Featured image

Introduction

In the evolving landscape of data management and artificial intelligence, vector databases have emerged as a pivotal technology enabling advanced similarity searches and semantic understanding. Azure provides powerful tools to implement vector search, notably through vCore-based Azure Cosmos DB for MongoDB and Azure OpenAI’s GPT-3.5 model. This comprehensive guide dives deep into building an AI copilot by integrating these technologies, showcasing practical implementations, best practices, and real-world scenarios.

Understanding Vector Databases and Their Role in Azure

Traditional databases excel at exact-match queries but struggle with semantic and similarity-based searches. Vector databases store data as high-dimensional vectors and enable efficient similarity searches by comparing these vectors. In Azure, vCore-based Cosmos DB for MongoDB supports native vector search capabilities, allowing developers to index and query vector embeddings directly.

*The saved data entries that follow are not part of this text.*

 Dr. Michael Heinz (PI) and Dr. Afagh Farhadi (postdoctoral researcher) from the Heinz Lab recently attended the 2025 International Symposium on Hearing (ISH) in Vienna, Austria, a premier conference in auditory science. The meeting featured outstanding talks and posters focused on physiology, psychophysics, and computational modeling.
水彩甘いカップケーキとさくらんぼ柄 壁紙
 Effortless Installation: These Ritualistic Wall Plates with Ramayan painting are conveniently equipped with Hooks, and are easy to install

Integrating these vector databases with AI models like GPT-3.5 enhances the search experience by providing human-readable, conversational responses based on retrieved data. This approach, known as Retrieval-Augmented Generation (RAG), combines precise data retrieval with powerful generative AI capabilities.

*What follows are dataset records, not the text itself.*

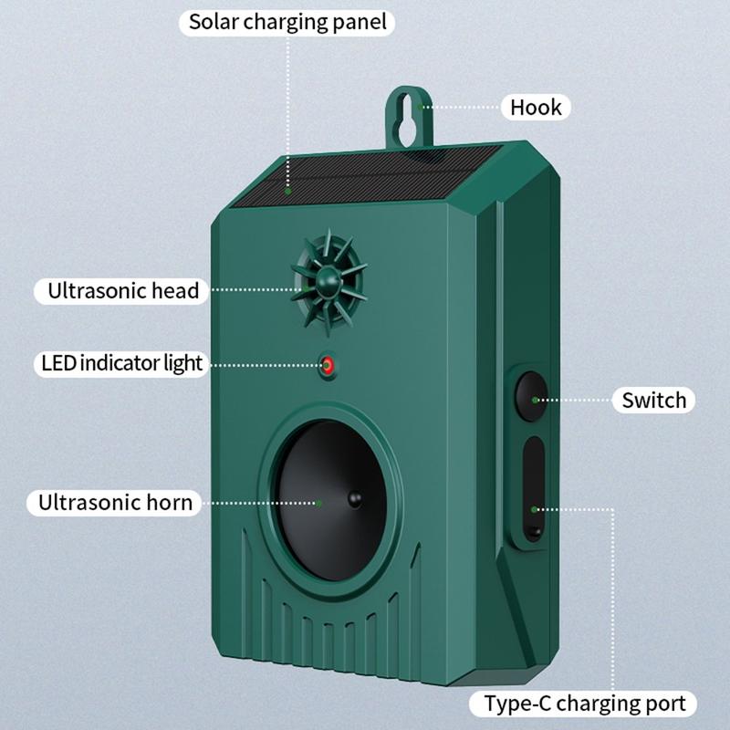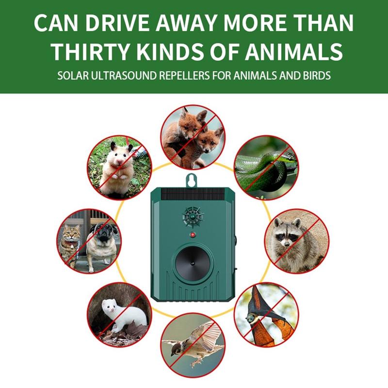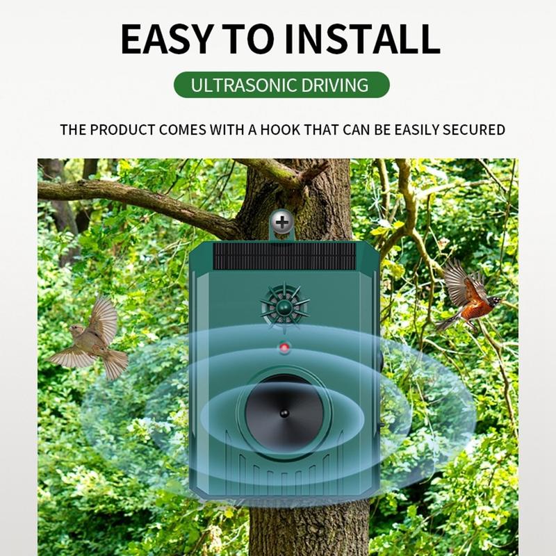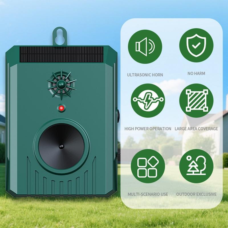 Combining ultrasonic waves (8-35KHz) with audible sound, the device effectively deters birds, rodents, bats, dogs, squirrels, and other wildlife. The dual-action design increases the repelling success rate across a wider range of pests.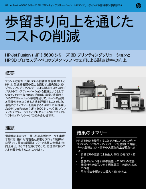 HP Multi Jet Fusion 3Dプリンティング技術で、お客様がアディティブマニュファクチ...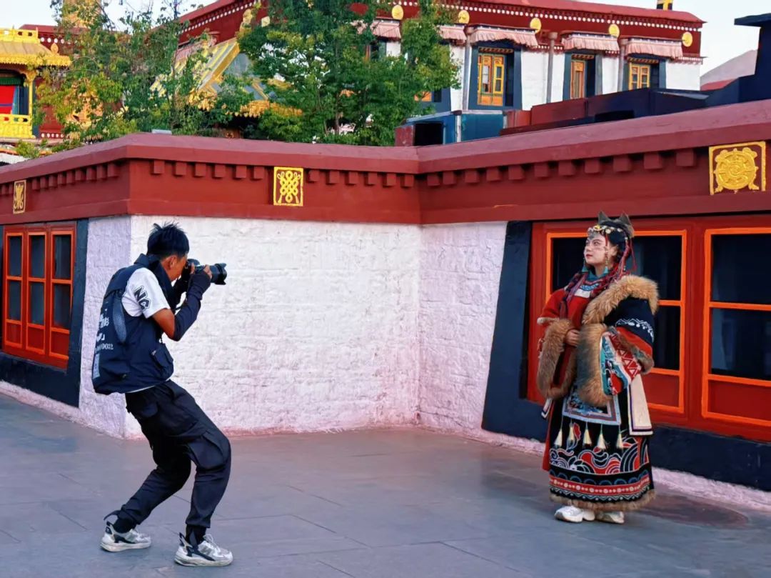 8月的拉薩,陽光傾灑,人流如織。在布達拉宮前和大昭寺廣場上,身著絢麗藏族服飾的游客隨處可見。他們在攝影師的指導下變換造型,沉浸于體驗“高原兒女”生活的獨特魅力。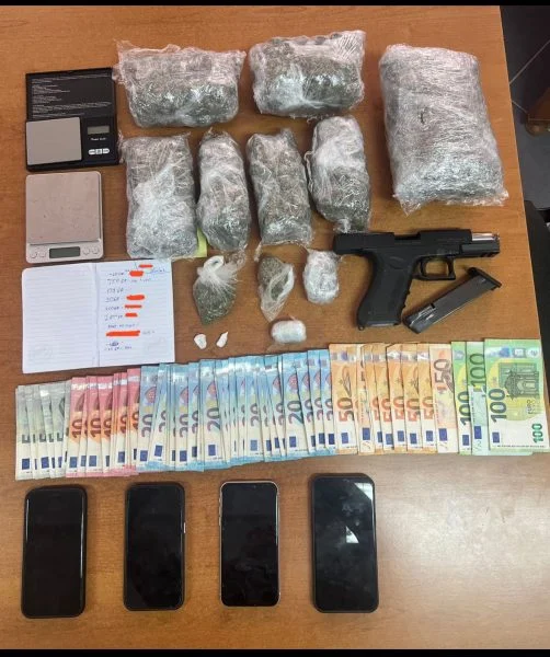 Gjatë kontrollit të personave dhe banesës të cilën e përdornin të dyshuarit, janë gjetur dhe konfiskuar:Dhjetë paketime, dyshohet të jetë marihuanë me peshe të përgjithshme 672.1 gr.,
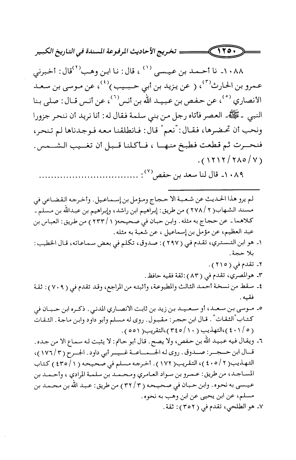 814 - نا أَحْمَدُ بْنُ عِيسَى قَالَ: نا ابْنُ وَهْبٍ قَالَ: أَخْبَرَنِي عَمْرُو بْنُ الْحَارِثِ، عَنْ يَزِيدَ بْنِ أَبِي حَبِيبٍ، عَنْ مُوسَى بْنِ سَعْدٍ الْأَنْصَارِيِّ، عَنْ حَفْصِ بْنِ عُبَيْدِ اللَّهِ بْنِ أَنَسٍ، عَنْ أَنَسِ، قَالَ: صَلَّى بِنَا النَّبِيُّ صَلَّى اللَّهُ عَلَيْهِ وَسَلَّمَ الْعَصْرَ فَأَتَاهُ رَجُلٌ مِنْ بَنِي سَلِمَةَ فَقَالَ لَهُ: إِنَّا §نُرِيدُ أَنْ نَنْحَرَ جَزُورًا وَنُحِبُّ أَنْ تَحْضُرَهَا، فَقَالَ: «نَعَمْ» قَالَ: فَانْطَلَقْنَا مَعَهُ فَوَجَدْنَاهَا لَمْ تُنْحَرْ، فَنُحِرَتْ ثُمَّ قُطِّعَتْ فَطُبِخَ مِنْهَا، فَأَكَلْنَا قَبْلَ أَنْ تَغِيبَ الشَّمْسُ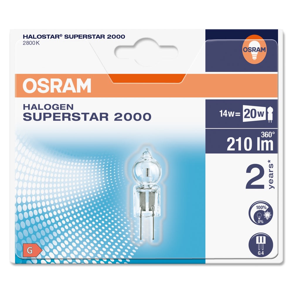 OSRAM - Lampe Halogène TBT 12V HALOSTAR IRC/XE - G4 - 14,00W - 230lm - 2900K - 2000h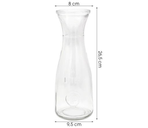 Karafka na wodę, wino, sok, herbatę i inne napoje została wykonana z wysokiej jakości szkła. Jest całkowicie bezpieczna dla zdrowia i dopuszczona do kontaktu z żywnością. Korzystanie z niej jest bezpieczne i wygodne - karafka ma solidnie, stabilne dno i dobrą przejrzystość. Idealnie nadaje się do serwowania soków, drinków i wody. Jej klasyczny kształt będzie stanowił ozdobę każdego stołu i domu.

Building an AI Copilot: Architecture Overview

The AI copilot architecture involves several key components:

  1. Data Source: Product information stored in Azure Blob Storage, including fields like categoryName and name.
  2. Vector Embeddings: Generated for key fields using Azure OpenAI embeddings deployment, converting text into vector representations.
  3. vCore-based Cosmos DB for MongoDB: Stores product documents with vector embeddings and supports vector indexes.
  4. Vector Indexing: Enables efficient nearest neighbor searches on the vector columns.
  5. Vector Search API: Aggregation pipeline queries Cosmos DB using vector similarity.
  6. GPT-3.5 Integration: Enhances raw vector search results with detailed, natural language insights.

Practical Walkthrough: Implementing Vector Search in Azure Cosmos DB

Preparing Your Environment

Before diving into code, ensure you have:

  • Visual Studio Code installed.
  • An Azure Subscription with access to:
    • A vCore-based Azure Cosmos DB for MongoDB account.
    • An Azure OpenAI account with deployments for embeddings and chat completions.

You can create required resources manually via the Azure portal or automate the process using the included PowerShell script create-azure-resources.ps1, driven by a .env file containing your environment variables.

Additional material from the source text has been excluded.